| It reads like a great example of how theory works. You have some evidence (old planets), and a model that predicts it well (Newton/Kepler). Then some new evidence comes in (Uranus), and the theory is almost right, but not quite. So we modify it a little, or we start searching for an extra mass to explain the error. Then some more experimental evidence comes in (galactic radial velocity), and we are thinking about modifying the theory a bit more (MOND). This is good for the radial velocity explanation, but not certain other things. We suppose there's some dark matter, and think about the consequences that would have. Then we see evidence consistent with that. Of course this is a boiled down version. Real science is rarely so clean. |
I'm no physicist but I've never liked dark matter and dark energy: they smell suspiciously similar to hacks (the bad kind) if a hack could be defined as over-fitting a solution to a problem.
It seems as though, recently, science has become rather bad at the words "I don't know." Things were staying together more than they should so we invented dark matter in order to explain that. Now, whenever something stays together more than it should we claim that dark matter has more evidence[1]: no, there is simply more evidence of the problem that dark matter seeks to solve.
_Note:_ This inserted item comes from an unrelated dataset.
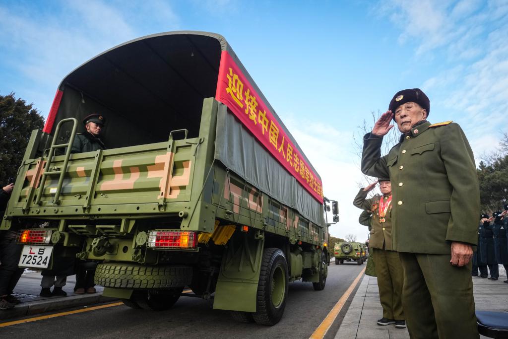 2024年11月28日,第十一批在韩中国人民志愿军烈士遗骸回国。运送志愿军烈士遗骸的车辆驶向沈阳抗美援朝烈士陵园。新华社记者 潘昱龙 摄

How do we even know it's a single problem (a.k.a. force)? How do we even know that dark energy is another problem?
It's like me claiming that little monsters called frombles are responsible for light and every time I see light I claim "see! There's light, so there are frombles!"
Not that dark matter is a bad solution, I just feel as though there is a disproportionate amount of people looking into it given that we've never actually observed a WIMP. Nor do I think that research into dark matter should cease, it has so far found a really good definition of the problem and, yes, WIMPs are a good candidate solution.
If we could have a few more people educated in the field start off at "I don't know," that would be great. You know, the "dirty" kind of science that used to be done when nobody really knew what was going on at all - that's when we learned the most: when we didn't have the "safe bet" research topics. When people came up with stupid ideas and tested those stupid ideas. Stupid ideas are the best ideas because it at least means that one person is thinking outside of the box.